■ **Data provided**
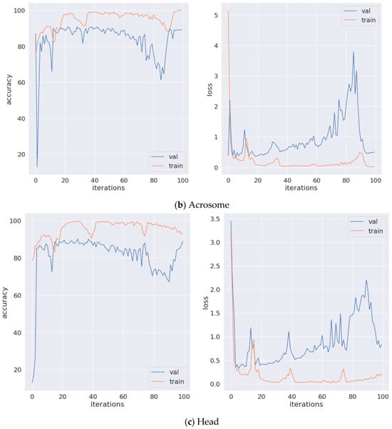 Progression of accuracy and loss on the validation set during sequential deep-learning model training. In this graph, the orange line represents the highest validation accuracy achieved, and the blue line represents the highest training accuracy achieved in the (a) vacuole, (b) acrosome, and (c) head. Similarly, the right side of the graph shows maximum validation loss with the blue line and maximum training loss with the orange line.
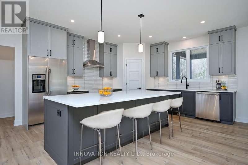 Welcome to SILVER CREEK ESTATES! This modern bungalow spans 1,890 square feet and beautifully blends contemporary design with classic charm. The spacious open concept layout seamlessly connects the living, dining, and kitchen areas, showcasing elegant quartz countertops throughout that add a touch of luxury. Large island and ample cupboards are an added feature to this home. Engineered hardwood flooring flows effortlessly across the main living spaces, while stylish tile enhances the wet areas for durability and ease of maintenance. With three well-appointed bedrooms, including a luxurious ensuite featuring double sinks, stand alone tub, and walk in tile shower, the home offers both comfort and convenience. The two and a half baths ensure ample space for family and guests. A highlight of the property is the large covered concrete back porch, providing the perfect spot for outdoor relaxation or gatherings. Zanutta Construction Inc offers many standards that would be considered upgrades with other builders, such as; quartz counters throughout, engineered hardwood and tile throughout the main level, potlights, gas fireplace, A/C, auto garage door openers, insulated garage doors, basement bath rough in, 9' ceilings. Other lots and models to choose from, Model home available for showings by appointment. HST included in purchase price w/rebate to builder. Pictures/VT/Matterport of a similar model, some pictures have been virtually staged, finishes will vary. Only 5 min to 416, 10 min to Kemptville, 15 min to Winchester. OPEN HOUSE LOCATED AT 1694 SHARON ST. (id:6509)
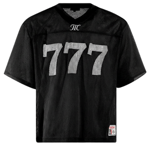 Channel luck and street style with this black mesh jersey, featuring a bold "777" graphic for an effortlessly cool look.

■ **Task objective**
Across the whole listing above, repeat each line exactly and leave out the images.

■ **Task output**
 Progression of accuracy and loss on the validation set during sequential deep-learning model training. In this graph, the orange line represents the highest validation accuracy achieved, and the blue line represents the highest training accuracy achieved in the (a) vacuole, (b) acrosome, and (c) head. Similarly, the right side of the graph shows maximum validation loss with the blue line and maximum training loss with the orange line.
 Welcome to SILVER CREEK ESTATES! This modern bungalow spans 1,890 square feet and beautifully blends contemporary design with classic charm. The spacious open concept layout seamlessly connects the living, dining, and kitchen areas, showcasing elegant quartz countertops throughout that add a touch of luxury. Large island and ample cupboards are an added feature to this home. Engineered hardwood flooring flows effortlessly across the main living spaces, while stylish tile enhances the wet areas for durability and ease of maintenance. With three well-appointed bedrooms, including a luxurious ensuite featuring double sinks, stand alone tub, and walk in tile shower, the home offers both comfort and convenience. The two and a half baths ensure ample space for family and guests. A highlight of the property is the large covered concrete back porch, providing the perfect spot for outdoor relaxation or gatherings. Zanutta Construction Inc offers many standards that would be considered upgrades with other builders, such as; quartz counters throughout, engineered hardwood and tile throughout the main level, potlights, gas fireplace, A/C, auto garage door openers, insulated garage doors, basement bath rough in, 9' ceilings. Other lots and models to choose from, Model home available for showings by appointment. HST included in purchase price w/rebate to builder. Pictures/VT/Matterport of a similar model, some pictures have been virtually staged, finishes will vary. Only 5 min to 416, 10 min to Kemptville, 15 min to Winchester. OPEN HOUSE LOCATED AT 1694 SHARON ST. (id:6509)
 Channel luck and street style with this black mesh jersey, featuring a bold "777" graphic for an effortlessly cool look.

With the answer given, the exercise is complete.